Мария Илларионовна, хлебосольная хозяйка, пригласила всех на веранду. Пришли друзья и добрые знакомые Александра Трифоновича из числа пахринских жителей: Верейские, Ильина с Реформатским, Дементьев, Тендряков, Фиш, Владимир Жданов, Бакланов, Антонов, Федоров, Дик, Гердт, приехали из Москвы Закс, Кондратович, еще кто-то. Накануне Александра Трифоновича навестили сотрудники «Нового мира», остававшиеся пока там работать: Берзер, Озерова, Бианки, Борисова, Койранская, Марьямов, Буртин и автор журнала, критик Левицкий. К этому времени уже сделалось чувствительным больное место, которое вскоре превратилось в открытую и тяжкую рану: момент сотрудничества с новой редколлегией. Женщины, приехавшие с самоваром, а также Марьямов и Буртин продолжали работать в аппарате, так же как Хитров и Дорош. Марьямов и Дорош подали заявления об уходе, но начальство просило их остаться. Они остались вопреки своей воле временно, на три или четыре месяца. Хитров тоже временно оставался ответственным секретарем. Буртин то подавал заявление, то брал его назад. До меня доносились слухи о том, что Марьямов и Дорош, а также женщины из отделов прозы и критики сурово осуждены кем-то из ушедших работников за то, что остались в журнале. Атмосфера была нервная. Кто-то с кем-то перестал здороваться, кто-то с кем-то порвал отношения. Осуждение честнейших Марьямова и Дороша, так же как полезнейших работников Берзер, Озеровой, Борисовой, представлялось мне несправедливостью. Казалось, вначале ее можно было объяснить только некоторой затуманенностью мозгов горячими парами обиды, что вполне объяснимо. Но время шло, а осуждение не гасло, наоборот, разгоралось. Тогда стало ясно, что подчас люди заботились не о деле, судьбы литературы отступали на второй план.

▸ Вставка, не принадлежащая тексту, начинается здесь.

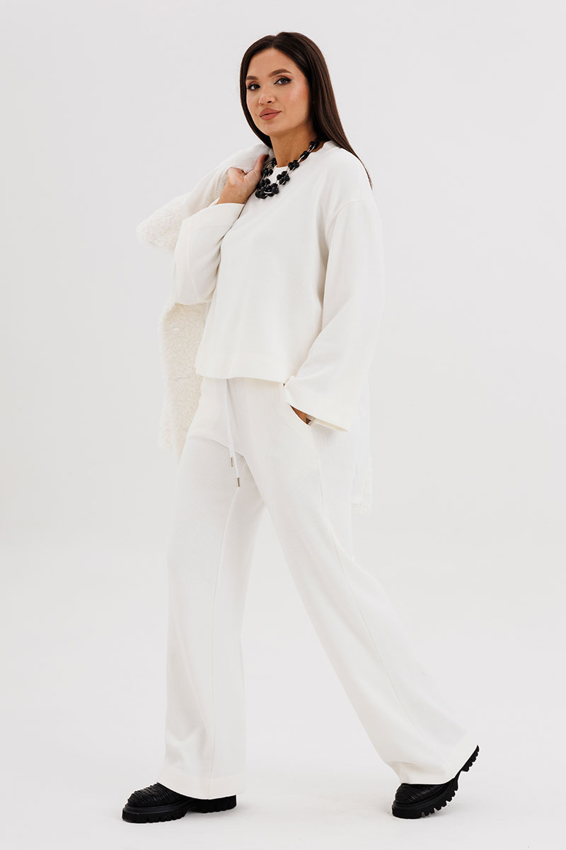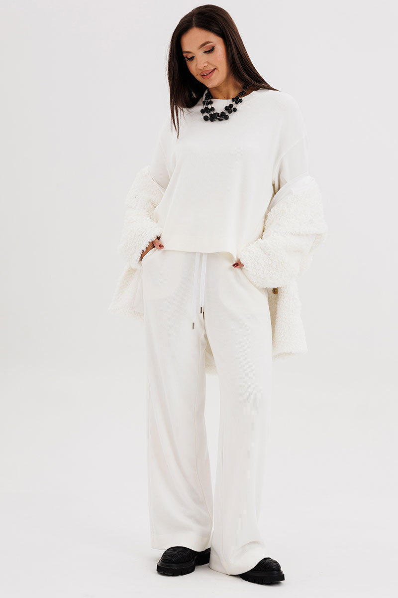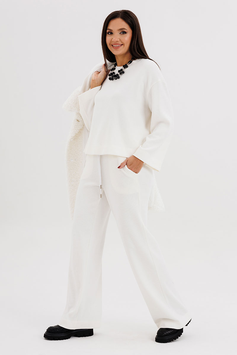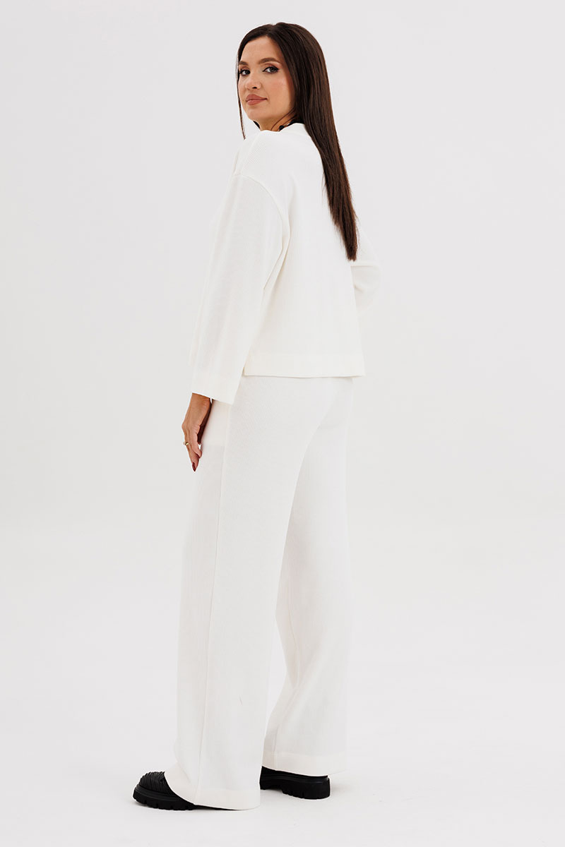 Такой вариант неформального костюма можно отметить отдельно-это настоящий шик, который в любой обстановке смотрится по-особенному. Невероятное ощущение расслабленности и комфорта обеспечивает удобный покрой и тактильно уютный трикотаж с эффектом вельвета.
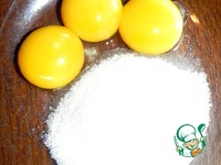К желткам добавляем сахар и взбиваем миксером до белой однородной массы. |
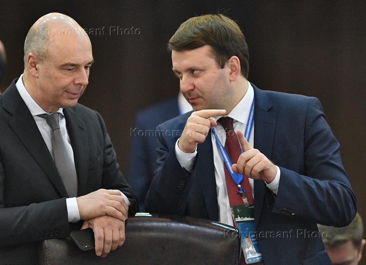 Рабочая поездка председателя правительства Дмитрия Медведева в Армению. Первый заместитель председателя Правительства России - министр финансов России Антон Силуанов (слева) и министр экономического развития России Максим Орешкин (справа) перед началом заседания Евразийского межправительственного совета в расширенном составе.
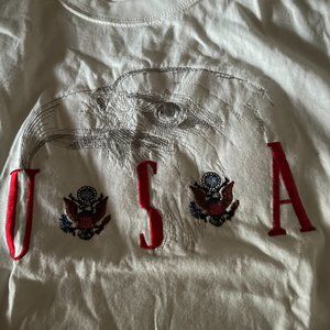 Small Pre Shrunk 100% cotton T-Shirt with Embroidered Patches and USA letters.
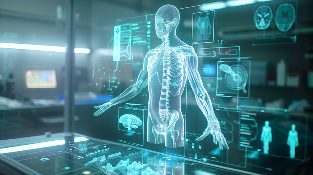 holographic medical table with digital data and an AI interface, showcasing the integration of technology in the analysis of human anatomy for future medicine in a futuristic lab environment
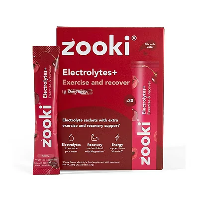 Zooki Electrolytes+ Exercise & Recover, Cherry Flavour 30 Sachets
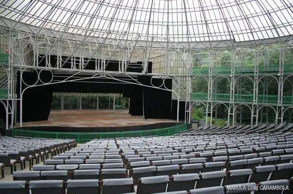 Ópera de Arame passarela (foto: iStock)Dentro da Ópera de Arame tem um auditório coberto por uma estrutura que permite a entrada de muita luz natural. O espaço interno também recebe peças das exposições que acontecem por lá. Já no subsolo, que fica abaixo da plateia, há um restaurante na beira do lago.
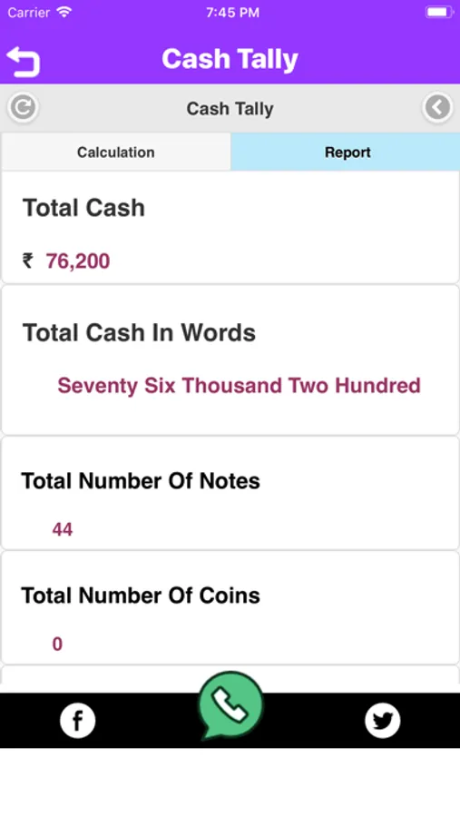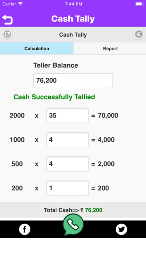You work as a cashier in a bank or any other financial institution? Do you still use calculator to tally your cash? That is very old fashioned and too much typing, don't you think? Presenting Tally My Cash - an app, developed exclusively for Indian currency notes, to help you tally, save, modify your cash denomination calculations easily, quickly. Just enter note denominations and let this app handle the rest.

Это было грустное зрелище. Недавние творцы и охранители «Нового мира» спешили как можно скорее его разрушить. Они требовали, чтоб все старые работники покинули журнал, чтоб авторы забирали свои произведения. Некоторые авторы так и поступили. А между тем надо было делать как раз обратное: стараться не уничтожать, а всеми силами продолжать громадное дело Александра Трифоновича — собирание русской литературы! По-моему, тут была сама очевидность. И жизнь показала, что Александр Трифонович воздвиг такое мощное здание, заложил такие основы, что окончательно уничтожить все это не удалось ни чиновникам, ни вновь пришедшим деятелям, ни разрушителям из числа бывших строителей, которые твердили «чем хуже, тем лучше» и полагали, что чем ужаснее будут произведения на страницах журнала, тем полезней.

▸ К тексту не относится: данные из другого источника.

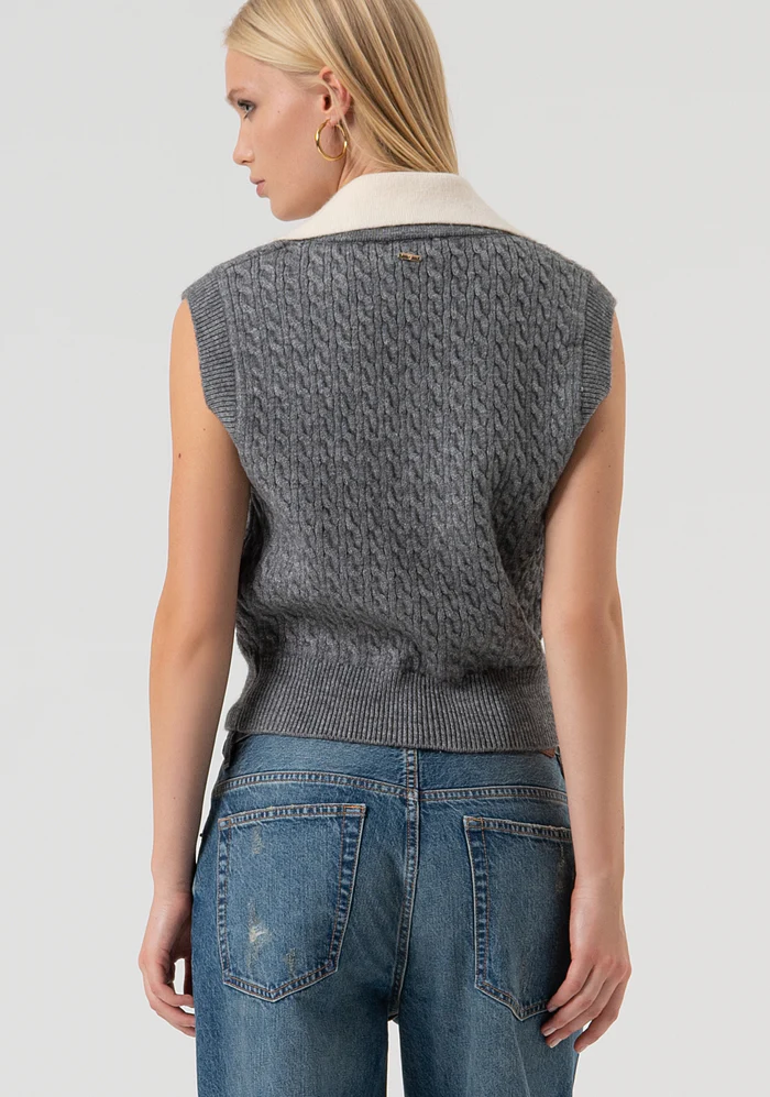 Regular fit knitted vest with cable stitch, classic collar and V-neck, and patch pockets
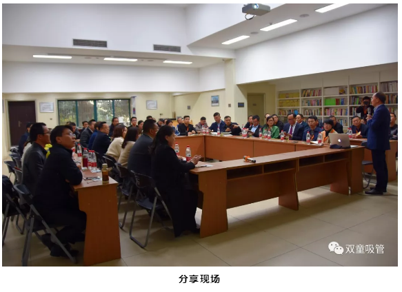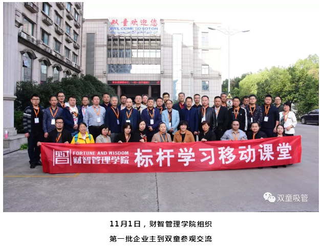 11月19日下午,江西財(cái)智管理學(xué)院的近60位企業(yè)主來到“雙童”參觀交流。這已經(jīng)是江西財(cái)智管理學(xué)院團(tuán)隊(duì)第二次走進(jìn)“雙童”了。原來,樓仲平曾多次在江西財(cái)智管理學(xué)院授課,大家對“雙童”及樓仲平的經(jīng)營思維特別感興趣,先后組織了兩批企業(yè)主來到“雙童”學(xué)習(xí)交流。

Раскол становится все глубже, но Александр Трифонович, по-видимому, не знал всех подробностей того, что происходило после его ухода. Не знал, наверное, того, что Солженицын заходил к Асе Берзер в редакцию и говорил, что она должна оставаться там как можно дольше, что некто, встретившись с Асей на улице, не поздоровался. Работа Аси в редакции превращалась в двойную пытку: угнетала необходимость иметь дело с новыми руководителями журнала и мучили, конечно же, разговоры за спиной бывших коллег. А ведь Ася Берзер, как и все оставшиеся в журнале, стремилась к единственному: сохранить все, что возможно, от старого «Нового мира» и как можно более долго. Бывшие коллеги говорили: ничего не удастся! Напрасно себя обманываете. Надо уходить, и пусть этот журнал станет еще хуже, чем «Октябрь».

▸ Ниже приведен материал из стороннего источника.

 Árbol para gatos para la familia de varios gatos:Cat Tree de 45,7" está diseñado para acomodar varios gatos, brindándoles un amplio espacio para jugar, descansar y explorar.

Разумеется, старый «Новый мир» умирал. Но кое-что — усилиями таких людей, как Ася — на его страницах продолжало появляться. В течение семидесятого года появились рассказы Абрамова, Искандера, Тендрякова, Семина, Некрасова, цикл рассказов Шукшина, повесть Быкова «Сотников», публикация Паустовского, последняя часть «Деревенского дневника» Дороша, роман Фоменко «Память земли». Мне хочется сказать о том, как непредвиденно сложно и мучительно происходило умирание журнала. Он не хотел умирать! Он сопротивлялся, как мог сопротивлялся молодой, полный сил и жажды жизни организм. Этот организм был — молодая литература, созданная Александром Трифоновичем и его журналом и ставшая магнитом для всей читающей и пишущей России. Куда, по мнению бывших коллег, должны были направлять свои рукописи десятки начинающих авторов из российских медвежьих углов и тьмутараканей? А ведь все это по привычке текло сюда и попадало все к тем же Берзер и Борисовой. И они делали, что могли. И терзались при этом. И каждый день решали для себя вопрос: уйти или еще подождать?
Драма и гибель Александра Трифоновича повлекли за собой другие драмы, другие гибели, поводом для которых были не только одно главное, но и какие-то вторичные страдания.
Очень скоро сгорели Дорош и Марьямов, не вынесшие разгрома журнала и осуждения, которому они подвергались со стороны некоторых бывших товарищей. «Преступление» Дороша было двойное: во-первых, он задержался в редколлегии, во-вторых, напечатал в сентябрьском номере свой «Деревенский дневник». После смерти Александра Трифоновича Дорош и Марьямов не прожили и года.
Все эти роковые болезни и смертельные исходы уже завязывались — пока еще недоступно зрению — в тот жаркий июньский день. Александр Трифонович не знал подробностей раскола. Ему не рассказывали, да и он, вероятно, мало интересовался. Женщины волновались, направляясь на дачу. Как-то он их примет? Может быть, убийственно сухо, обольет презрением? Ася рассказывала: встретил очень обрадованно и тепло. Подарок, который они привезли самовар, — был поставлен на видное место, на стол в углу веранды, и, когда я пришел с другими гостями на следующий день, Александр Трифонович, показывая на самовар, говорил: «Это мои привезли!» Говорил с удовольствием. И то, что «мои», значило много. Нет, не прощение, не отпущение грехов, а великодушие, широту сердца и ума, вот что значило это «мои».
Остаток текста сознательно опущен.